### Compute the average bandpower of an EEG signal

May 2018

Welcome to this first tutorial on EEG signal processing in Python!

We are going to see how to compute the **average power of a signal in a specific frequency range**, using both **Welch and the multitaper spectral estimation methods**. This tutorial is mainly geared for neuroscientists /
sleep
researchers with some basic knowledge of EEG signal processing.

#### Foreword

One of the most widely used method to analyze EEG data is to decompose the signal into functionally distinct frequency bands, such as delta (0.5–4 Hz), theta (4–8 Hz), alpha (8–12 Hz), beta (12–30 Hz), and gamma (30–100 Hz).
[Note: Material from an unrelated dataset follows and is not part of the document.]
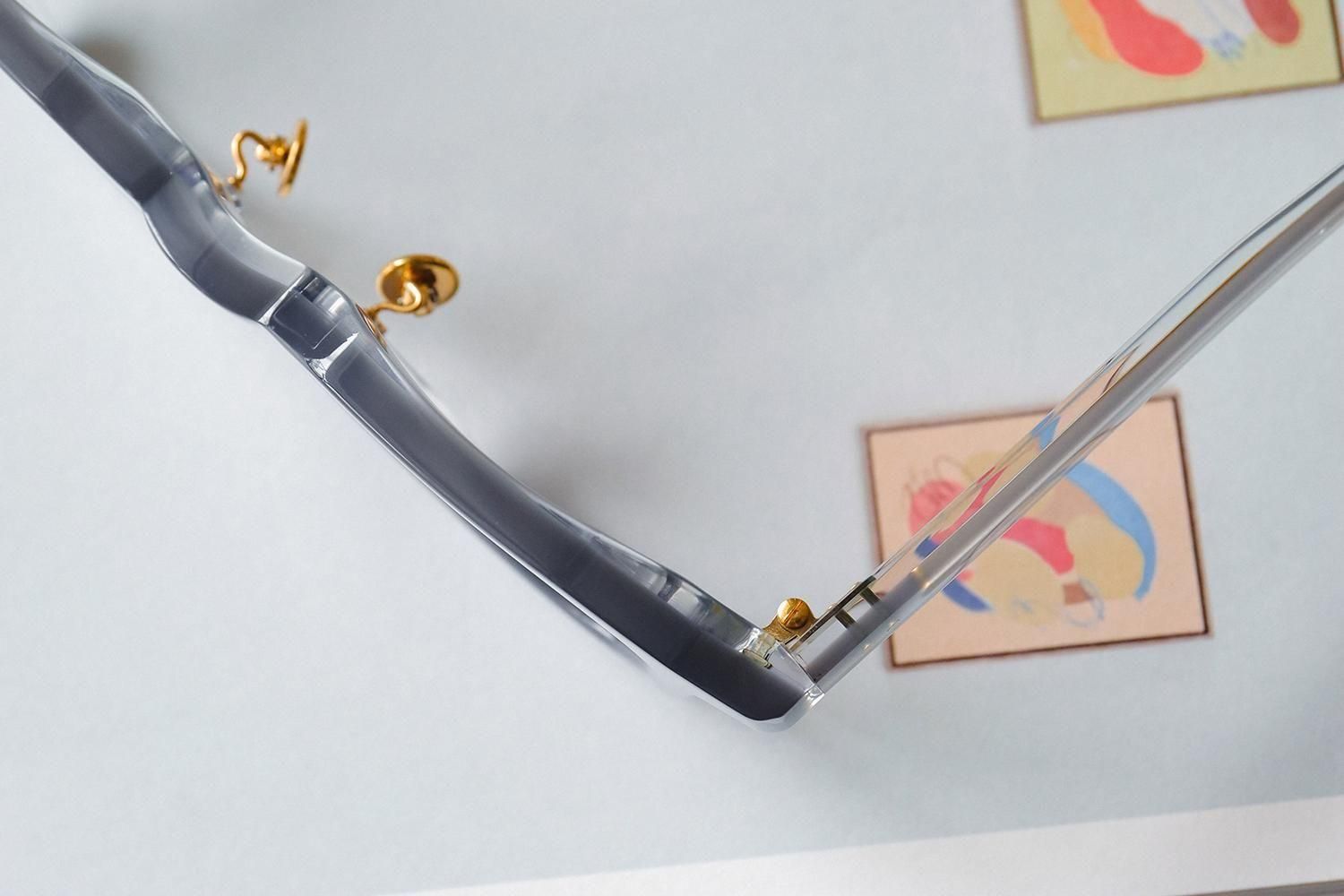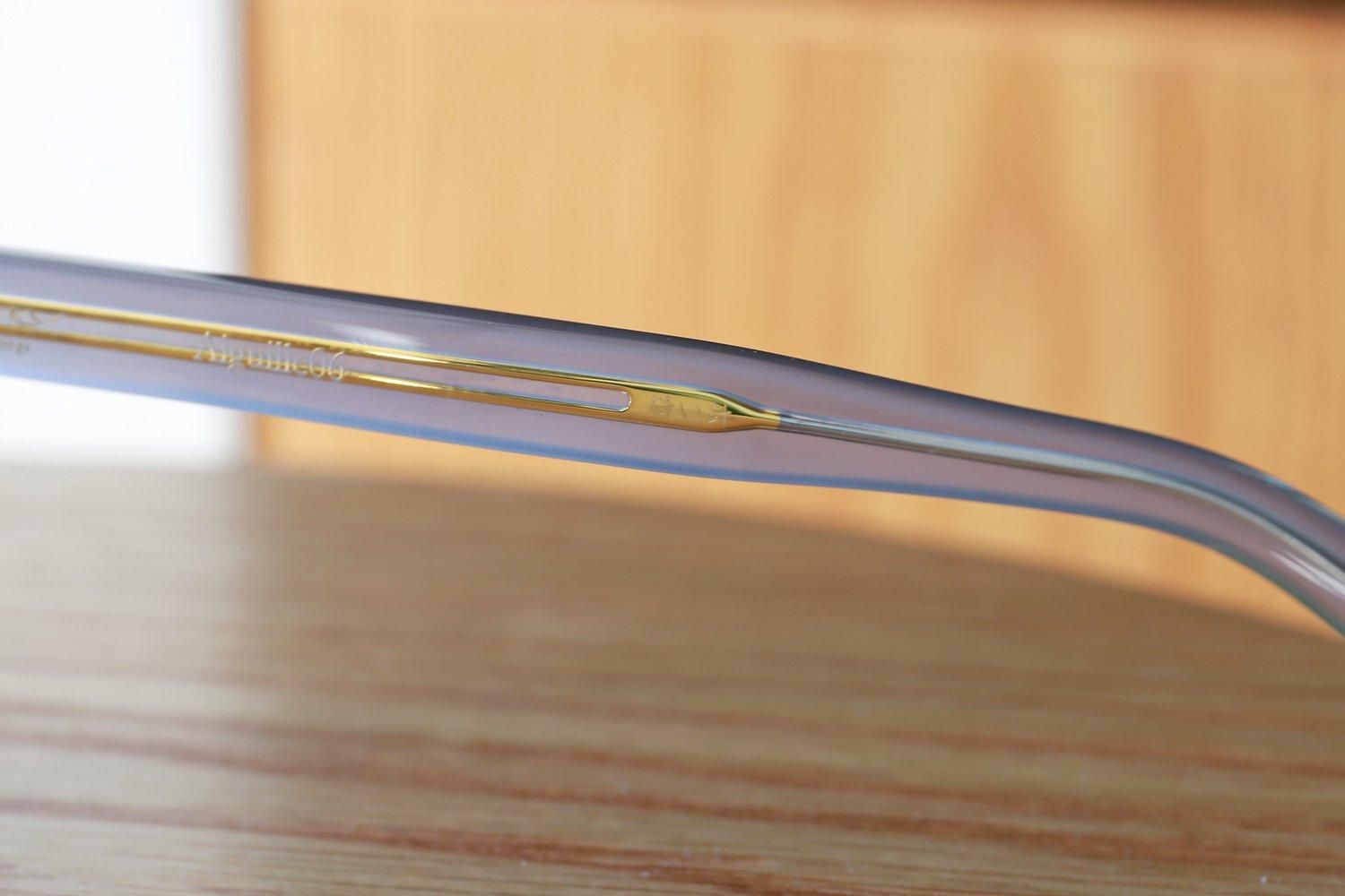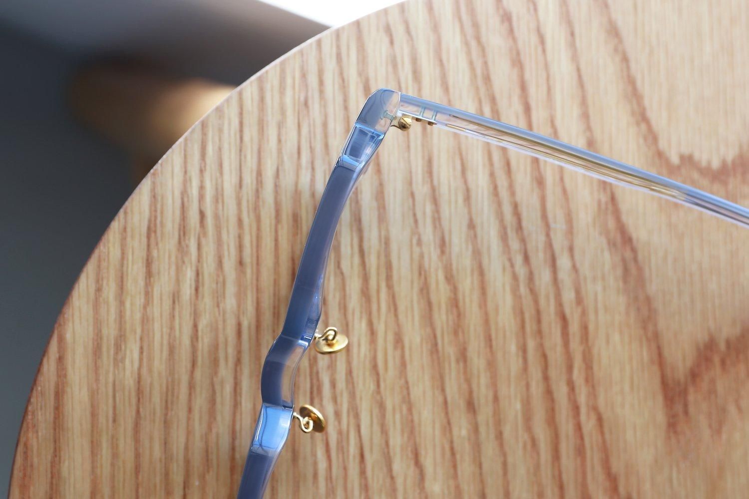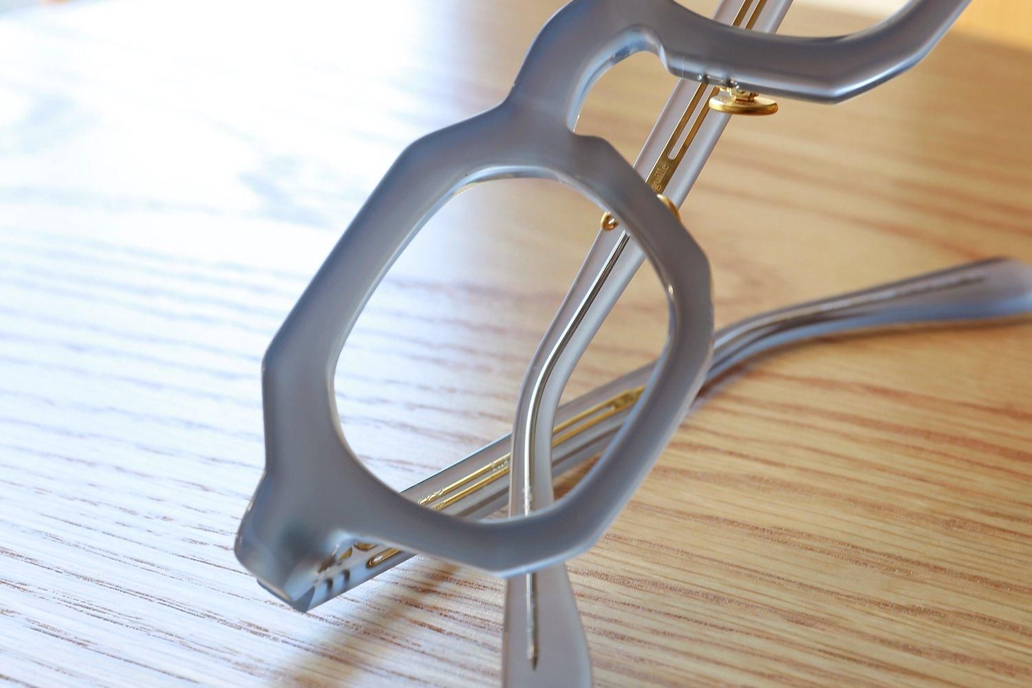 さらに、「縫い針」をイメージしたテンプル芯や、「ボタン」をイメージしたゴールドカラーの丸い鼻パッドなど、細部にもこだわり抜いたデザインが施されています。これらのディテールが、全体のデザインに統一感をもたらし、Filtonらしい上品さと洗練さを際立たせています。

This implies the decomposition of the EEG signal into frequency components, which is commonly achieved through Fourier transforms. The
almost invariably used algorithm
to compute the Fourier transform (and arguably the most important signal processing algorithm) is the Fast Fourier Transform (FFT), which returns, for
each frequency bin, a complex number from which one can then easily extract the amplitude and phase of the signal at that specific frequency. In spectral analysis, it is then common to take the magnitude-squared of the FFT to obtain an
estimate of the power spectral density (or power spectrum, or **periodogram**), expressed in (micro)-Volts^{2} per Hertz in the case of EEG data.

Although a myriad of analyses can be performed from the power spectral density, I am going to focus here on a very simple one: the **average band power**, which consists in computing a single number that summarizes
the contribution of the given frequency band to the overall power of the signal. This could be particularly useful in a machine-learning approach, when often you will want to extract some keys features from your data (and have a single
number that could summarize a particular aspect of your data).

The average bandpower is also a very relevant metric for sleep research because it allows to differentiate between the different sleep stages. For instance, deep sleep is characterized by its predominance of slow-waves with a frequency range comprised between 0.5 to 4 Hz (i.e. delta band), which reflects a synchronized brain activity. Conversely, wakefulness is
characterized by very little delta activity and much more higher-frequencies activity. Therefore, if you were to compute the delta bandpower for both deep sleep and wakefulness, the former would be very high and the latter very low.
See for yourself below:

#### Data loading

For the sake of this tutorial, please find below a 30-seconds extract of real slow-wave sleep from one young individual. The sampling frequency is 100 Hz and the channel is F3.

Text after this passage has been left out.